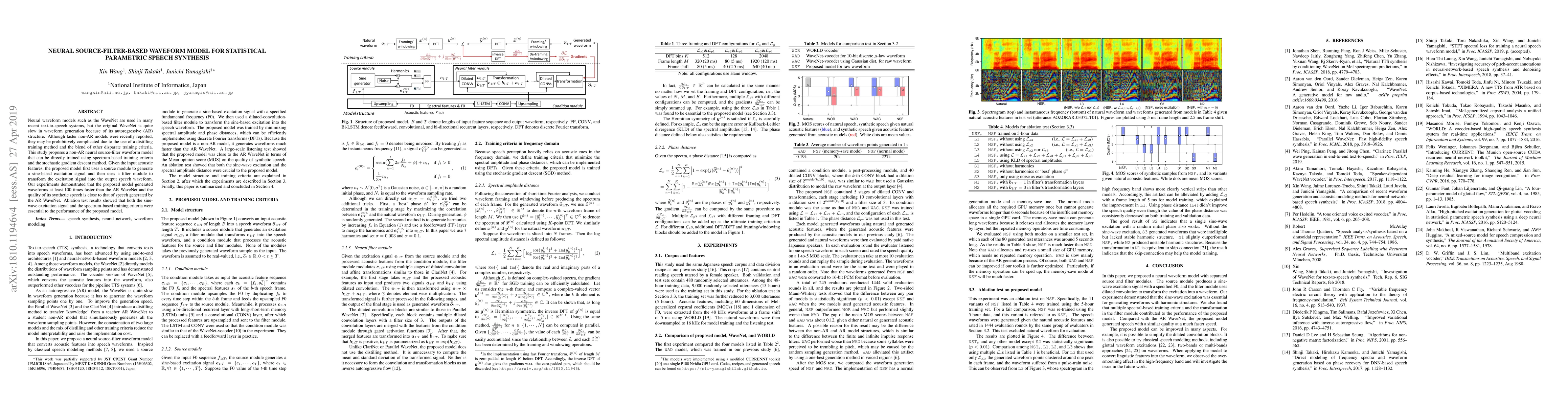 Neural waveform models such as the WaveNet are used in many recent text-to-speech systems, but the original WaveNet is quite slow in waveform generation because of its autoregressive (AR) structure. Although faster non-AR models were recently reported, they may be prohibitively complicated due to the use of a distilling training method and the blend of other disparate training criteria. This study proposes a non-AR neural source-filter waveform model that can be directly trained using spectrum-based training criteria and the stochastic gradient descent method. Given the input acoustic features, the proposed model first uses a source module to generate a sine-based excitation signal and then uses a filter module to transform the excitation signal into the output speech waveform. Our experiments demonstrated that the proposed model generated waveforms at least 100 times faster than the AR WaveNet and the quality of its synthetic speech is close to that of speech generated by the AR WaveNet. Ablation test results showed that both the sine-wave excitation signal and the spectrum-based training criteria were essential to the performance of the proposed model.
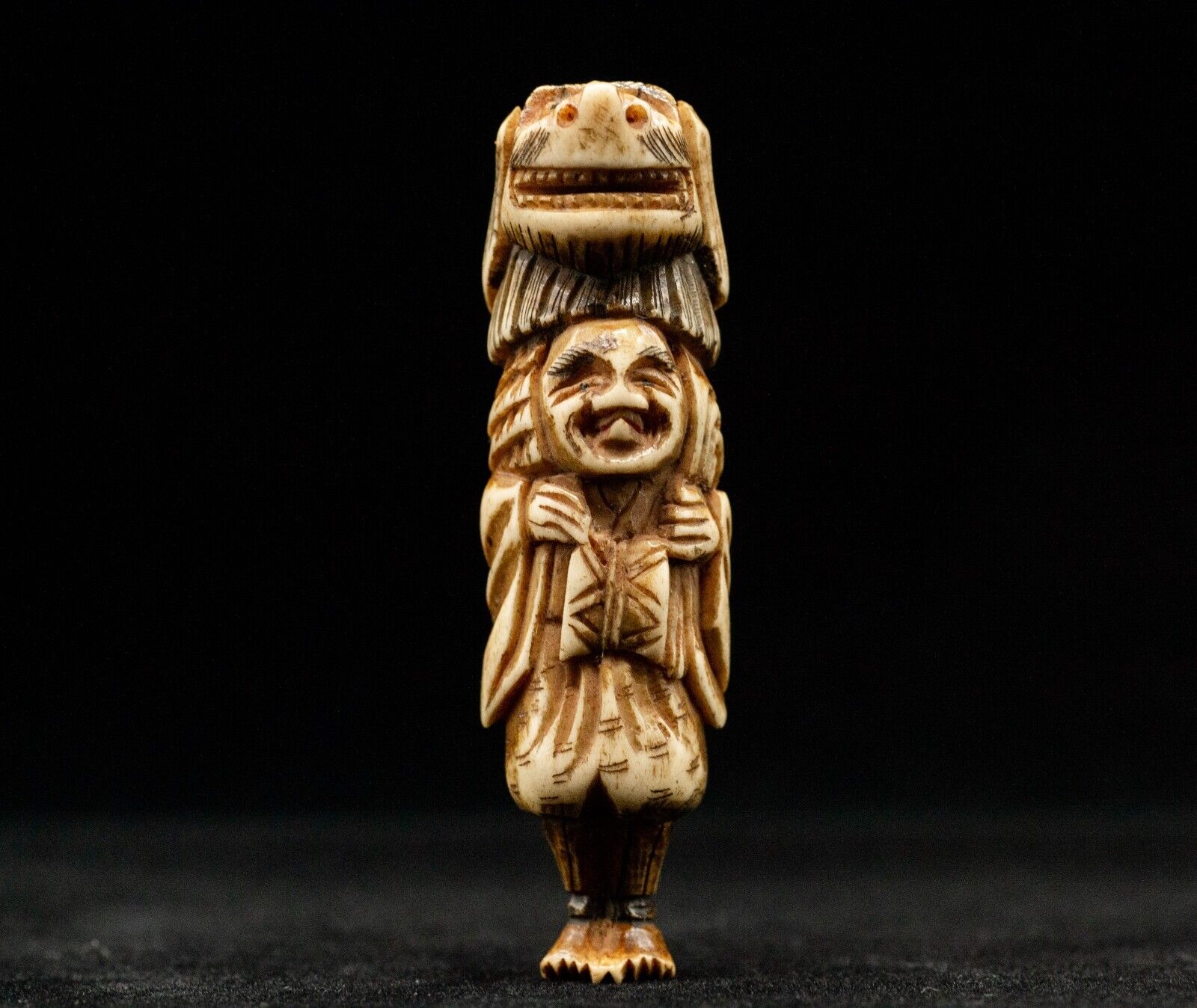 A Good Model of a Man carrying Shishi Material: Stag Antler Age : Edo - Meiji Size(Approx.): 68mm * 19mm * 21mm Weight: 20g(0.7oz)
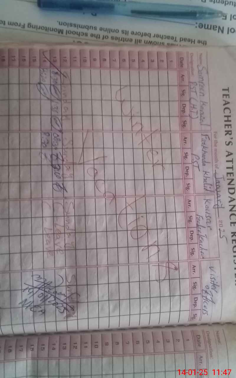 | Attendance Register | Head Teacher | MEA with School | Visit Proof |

+ + + +

— EXERCISE DESCRIPTION —
Could you give back the full listing word for word, leaving out the images?

— RESPONSE AREA —
 Neural waveform models such as the WaveNet are used in many recent text-to-speech systems, but the original WaveNet is quite slow in waveform generation because of its autoregressive (AR) structure. Although faster non-AR models were recently reported, they may be prohibitively complicated due to the use of a distilling training method and the blend of other disparate training criteria. This study proposes a non-AR neural source-filter waveform model that can be directly trained using spectrum-based training criteria and the stochastic gradient descent method. Given the input acoustic features, the proposed model first uses a source module to generate a sine-based excitation signal and then uses a filter module to transform the excitation signal into the output speech waveform. Our experiments demonstrated that the proposed model generated waveforms at least 100 times faster than the AR WaveNet and the quality of its synthetic speech is close to that of speech generated by the AR WaveNet. Ablation test results showed that both the sine-wave excitation signal and the spectrum-based training criteria were essential to the performance of the proposed model.
 A Good Model of a Man carrying Shishi Material: Stag Antler Age : Edo - Meiji Size(Approx.): 68mm * 19mm * 21mm Weight: 20g(0.7oz)
 | Attendance Register | Head Teacher | MEA with School | Visit Proof |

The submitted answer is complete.